What you are asked to do: Retype the data exactly, skipping any picture in it.

Given records:
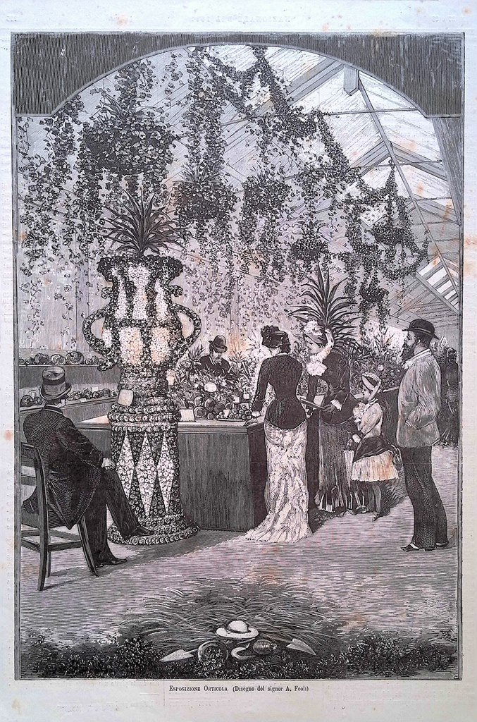 Stampa del 1881 Esposizione Orticola Augusto Feoli Milano
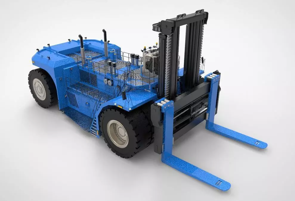 A 3D model of an industrial heavy forklift is a crucial asset for industries such as warehousing, logistics, and manufacturing, offering a detailed and realistic representation of this essential material-handling equipment. The model intricately showcases the forklift's robust frame, powerful lifting mast, forks, hydraulic system, and operator's cabin, enabling engineers and designers to visualize and optimize its design for enhanced performance and safety. Utilizing this 3D model, companies can simulate the forklift's maneuverability, load capacities, and operational efficiency within various industrial settings. This facilitates effective planning of material flow, operator training, and maintenance procedures, ensuring that the forklift is well-suited for handling heavy loads with precision and reliability, ultimately contributing to improved productivity and safety in demanding industrial environments.
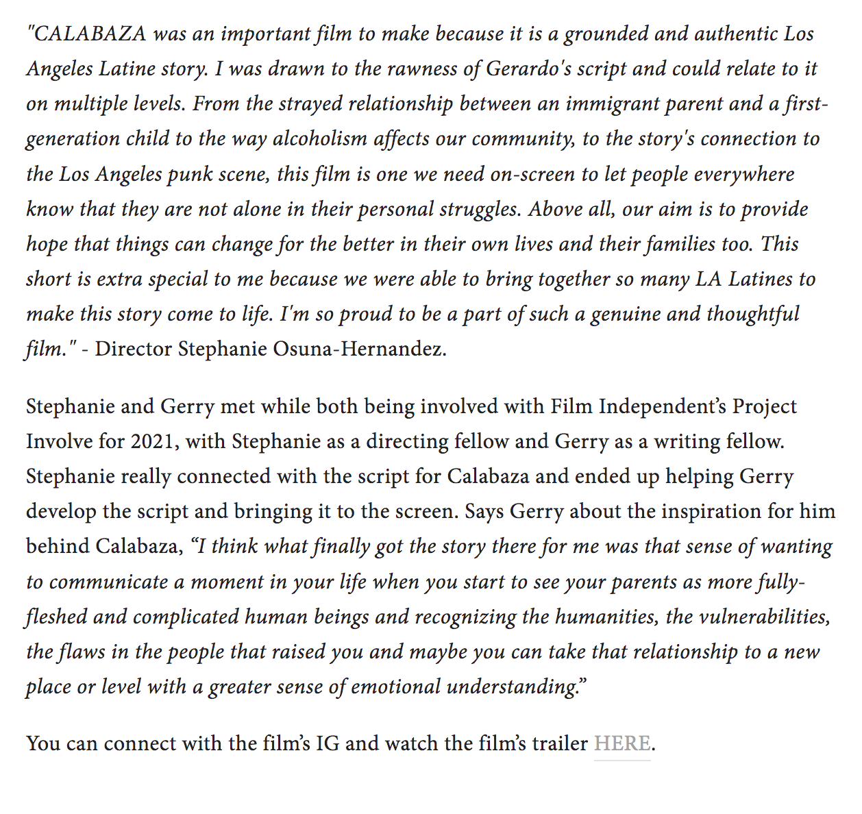 Film Independent Project Involve 2021
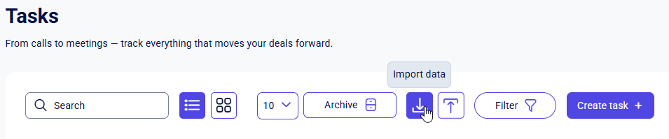 To import tasks, click the Import data button located in the List view.
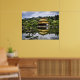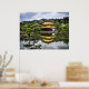 Fin fotografisk bild av en scenisk japansk trädgårdsreträtt med Golden Pavilion pagoda som reflekterar i vatten.
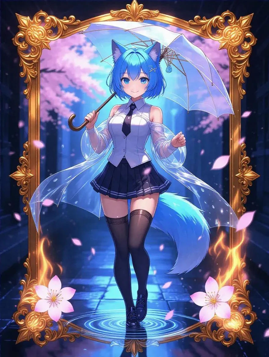A vertical trading card illustration in anime style, featuring a fox girl character with short, sky-blue hair and a transparent raincoat over a sporty uniform, standing confidently inside an ornate fantasy card frame. The frame is adorned with glowing flames, cherry blossoms, and golden ornaments. She smiles as she splashes through puddles, her tail wet and sleek, holding a folded umbrella like a blade. The background glows with soft sparkles, enhancing her water-element vibes. The card has a magical, high-detail look, designed for a game card.
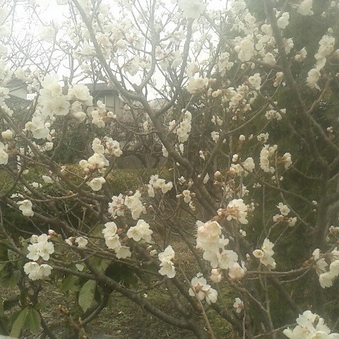 今日はときどき小雨、時には薄日が射すこさむい天気です。山は雪かな。庭の小粒の実がつくサクランボの花が満開です。花梅や甲州小梅の花や豊後梅の花が満開で庭を彩り綺麗です。福寿草は散り水仙が咲きだしました。ヒヤシンスの花も満開です。ハクモクレンは後一週間位かな。昨日と違い今日は風が冷たいです。 細田倖市
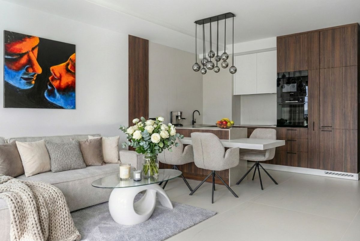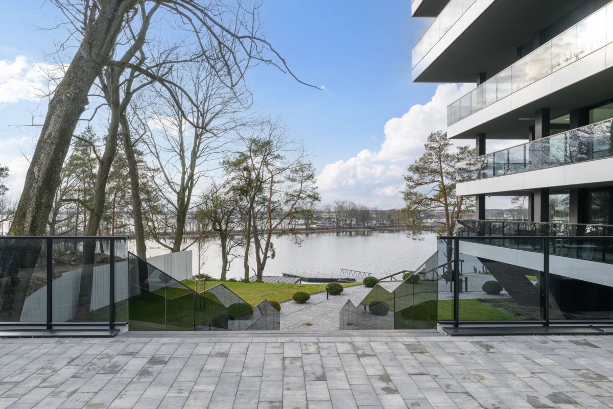 Widok: Z okien rozpościera się relaksujący widok na Zalew Zegrzyński. Wykończenie: Dbałość o detale, wysokiej klasy podłogi, stolarka i armatura. Układ: Przemyślana przestrzeń zapewniająca funkcjonalność i poczucie przestronności.
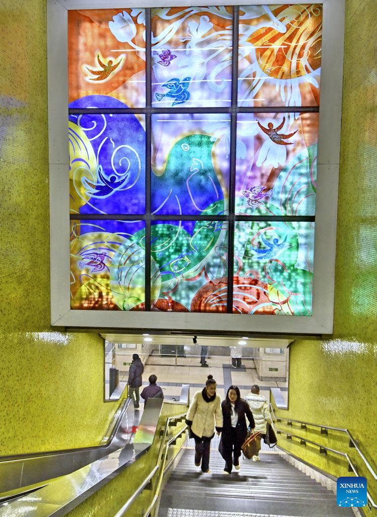 This photo taken on Jan. 1, 2025 shows glass artwork at Lincuiqiao Station on Beijing Subway Line 8 in Beijing, capital of China. (Xinhua/Li Xin)

Solution to this task:
 Stampa del 1881 Esposizione Orticola Augusto Feoli Milano
 A 3D model of an industrial heavy forklift is a crucial asset for industries such as warehousing, logistics, and manufacturing, offering a detailed and realistic representation of this essential material-handling equipment. The model intricately showcases the forklift's robust frame, powerful lifting mast, forks, hydraulic system, and operator's cabin, enabling engineers and designers to visualize and optimize its design for enhanced performance and safety. Utilizing this 3D model, companies can simulate the forklift's maneuverability, load capacities, and operational efficiency within various industrial settings. This facilitates effective planning of material flow, operator training, and maintenance procedures, ensuring that the forklift is well-suited for handling heavy loads with precision and reliability, ultimately contributing to improved productivity and safety in demanding industrial environments.
 Film Independent Project Involve 2021
 To import tasks, click the Import data button located in the List view.
 Fin fotografisk bild av en scenisk japansk trädgårdsreträtt med Golden Pavilion pagoda som reflekterar i vatten.
A vertical trading card illustration in anime style, featuring a fox girl character with short, sky-blue hair and a transparent raincoat over a sporty uniform, standing confidently inside an ornate fantasy card frame. The frame is adorned with glowing flames, cherry blossoms, and golden ornaments. She smiles as she splashes through puddles, her tail wet and sleek, holding a folded umbrella like a blade. The background glows with soft sparkles, enhancing her water-element vibes. The card has a magical, high-detail look, designed for a game card.
 今日はときどき小雨、時には薄日が射すこさむい天気です。山は雪かな。庭の小粒の実がつくサクランボの花が満開です。花梅や甲州小梅の花や豊後梅の花が満開で庭を彩り綺麗です。福寿草は散り水仙が咲きだしました。ヒヤシンスの花も満開です。ハクモクレンは後一週間位かな。昨日と違い今日は風が冷たいです。 細田倖市
 Widok: Z okien rozpościera się relaksujący widok na Zalew Zegrzyński. Wykończenie: Dbałość o detale, wysokiej klasy podłogi, stolarka i armatura. Układ: Przemyślana przestrzeń zapewniająca funkcjonalność i poczucie przestronności.
 This photo taken on Jan. 1, 2025 shows glass artwork at Lincuiqiao Station on Beijing Subway Line 8 in Beijing, capital of China. (Xinhua/Li Xin)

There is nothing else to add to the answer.